El ayuno es una práctica recurrente y recomendada por los santos de todas las épocas, que acrecienta la intimidad con el Señor y nos ayuda a evitar el pecado.
Las Sagradas Escrituras y toda la tradición cristiana enseñan que el ayuno es una gran ayuda para evitar el pecado y todo lo que induce a él. También los Padres de la Iglesia hablan de la fuerza del ayuno, capaz de frenar el pecado, reprimir los deseos del “viejo Adán” y abrir en el corazón del creyente el camino hacia Dios, recuperando la amistad con Él.
En su tratado, “La utilidad del ayuno”, San Agustín escribía: “Yo sufro, es verdad, para que Él me perdone; yo me castigo para que Él me socorra, para que yo sea agradable a sus ojos, para gustar su dulzura”.
Jesús, orando y ayunando se preparó a su misión, cuyo inicio fue un duro enfrentamiento con el tentador.
Con el ayuno, el creyente desea someterse humildemente a Dios, confiando en su bondad y su misericordia.

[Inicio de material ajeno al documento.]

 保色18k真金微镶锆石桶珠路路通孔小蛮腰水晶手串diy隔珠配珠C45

En el Nuevo Testamento, Jesús indica la razón profunda del ayuno, estigmatizando la actitud de los fariseos, que observaban escrupulosamente las prescripciones que imponía la ley, pero su corazón estaba lejos de Dios. El verdadero ayuno, repite en otra ocasión el Maestro, consiste más bien en cumplir la voluntad del Padre celestial, que “ve en lo secreto y te recompensará” (Mt 6,18).

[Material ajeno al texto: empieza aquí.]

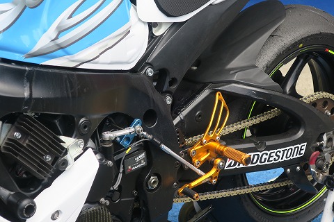 11:48 baby face のバックステップ SUZUKI系のTeam KAGAYAMA。 自分が昨日取り付けた baby face のバックステップを付けてます。 自分のは、ボディと同じ色のブラック・アルマイトだけど、こちらは金ぴかのゴールド。 派手だね。(笑) |
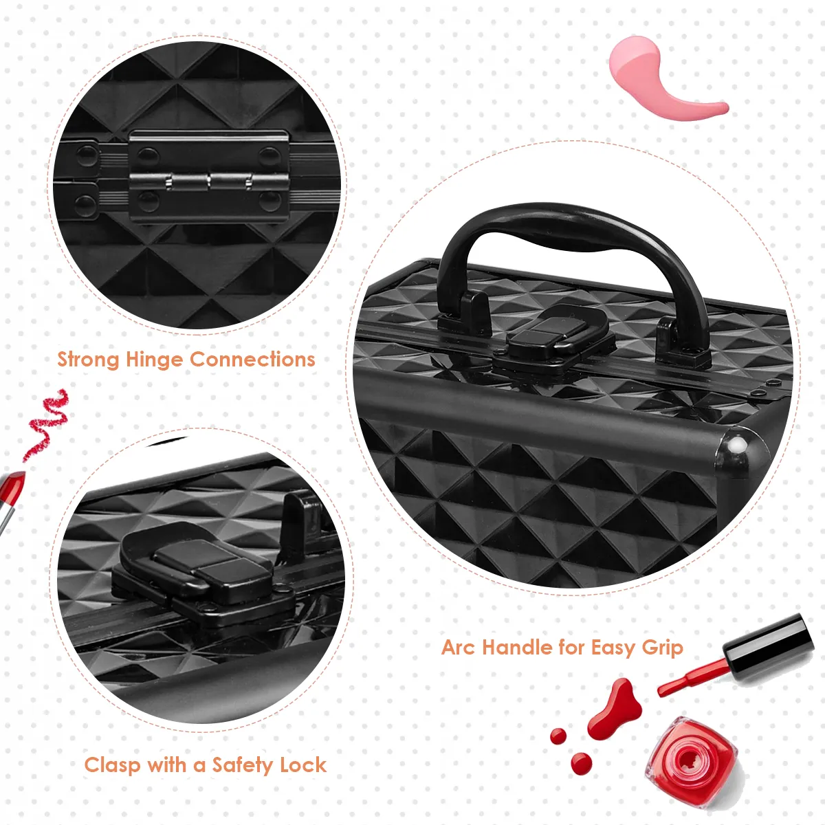 【Stijlvol en draagbaar】: Wordt geleverd met verzegelde sloten, houd uw cosmetische veiligheid. Perfect als gereedschapskist voor make-upartiesten, vriendin cadeau, badkamer make-up opslag of sieradendoos voor thuis.

Jesús nos da ejemplo al responder a Satanás, al término de los cuarenta días pasados en el desierto, que “no sólo de pan vive el hombre, sino de toda palabra que sale de la boca de Dios” (Mt 4,4). El verdadero ayuno, por consiguiente, tiene como finalidad comer el “alimento verdadero”, que es hacer la voluntad del Padre (cfr. Jn 4, 34).

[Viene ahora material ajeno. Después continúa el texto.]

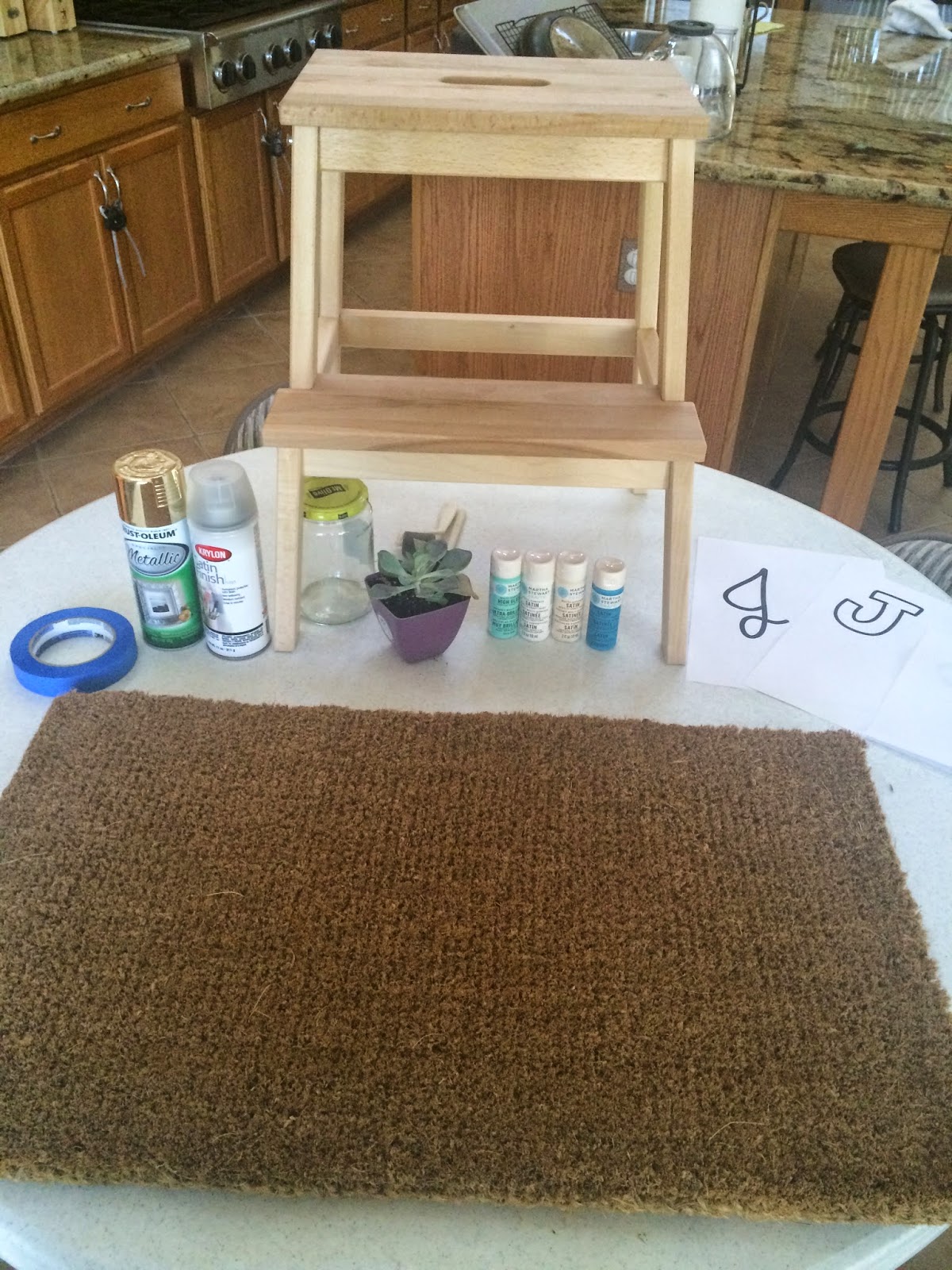 Of course once they were all put together, my concern was confirmed… the step stool is way too high for the bathroom. darn it. On the bright side it will be perfect in the kitchen when he’s just a little bit older. Now since this bad boy will be sitting in my kitchen (and it does look almost too plain) it seems necessary to add a little bit of a personal touch. you know i’m always down for a good project.
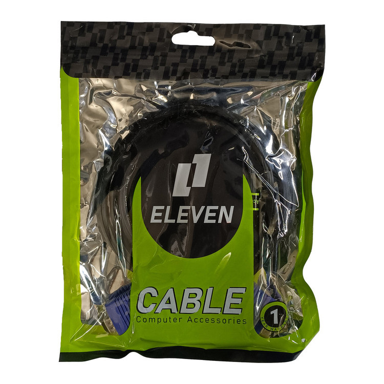 کابل VGA الون مدل EL-300 از مجموعه محصولات باکیفیت الون (ELEVEN) است از نوع سر سوکت پرس شده و با رشته هایی از جنس آلومینوم می باشد که در متراژ 3 متر نیز تصویر را انتقال می دهد. این محصول در واقع یک کابل رابط VGA برای انتقال تصویر است. در هر دو سمت این کابل یک کانکتور 15 پین VGA قرار گرفته شده است.پورت VGA یک درگاه استاندارد برای اتصال به دستگاههایی با قابلیت پخش فایلهای ویدئویی مانند مانیتور و پروژکتور است. برای اتصال این درگاه به مانیتور یا پروژکتور باید از کابل هایی با کانکتورهای VGA بهره گرفته شود. عبارت VGA مخفف عبارت Video Graphics Array است. درگاه های VGA دارای 15 پین (DB-15) بهصورت سه ردیفی هستند؛ البته در استاندارد Mini-VGA تعداد پینها 14 عدد و بهصورت دو ردیفی است. وظیفهی این درگاه ها، انتقال داده های تصویری به صورت آنالوگ است.

Privarse por voluntad propia del placer del alimento material que nutre el cuerpo facilita una disposición interior a escuchar a Cristo y a nutrirse de su palabra de salvación, y nos ayuda a controlar los apetitos de la naturaleza humana debilitada por el pecado original. Un antiguo himno litúrgico cuaresmal nos dice: “Usemos de manera más sobria las palabras, los alimentos y bebidas, el sueño y los juegos, y permanezcamos vigilantes, con mayor atención”.
Con el ayuno, tomamos conciencia de la situación en la que viven muchos de nuestros hermanos.
En la Constitución apostólica Paenitemini de 1966, Pablo VI identificaba la necesidad de colocar el ayuno en el contexto de la llamada a todo cristiano a no “vivir para sí mismo, sino para aquél que lo amó y se entregó por él y a vivir también para los hermanos”. El ayuno puede ayudarnos a mortificar nuestro egoísmo y a abrir el corazón al amor de Dios y del prójimo.
Al escoger libremente privarnos de algo para ayudar a los demás, demostramos que el prójimo que pasa dificultades no nos es extraño. Este fue, desde el principio, el estilo de la comunidad cristiana, en la que se hacían colectas especiales y se invitaba a los fieles a dar a los pobres lo que, gracias al ayuno, se había recogido.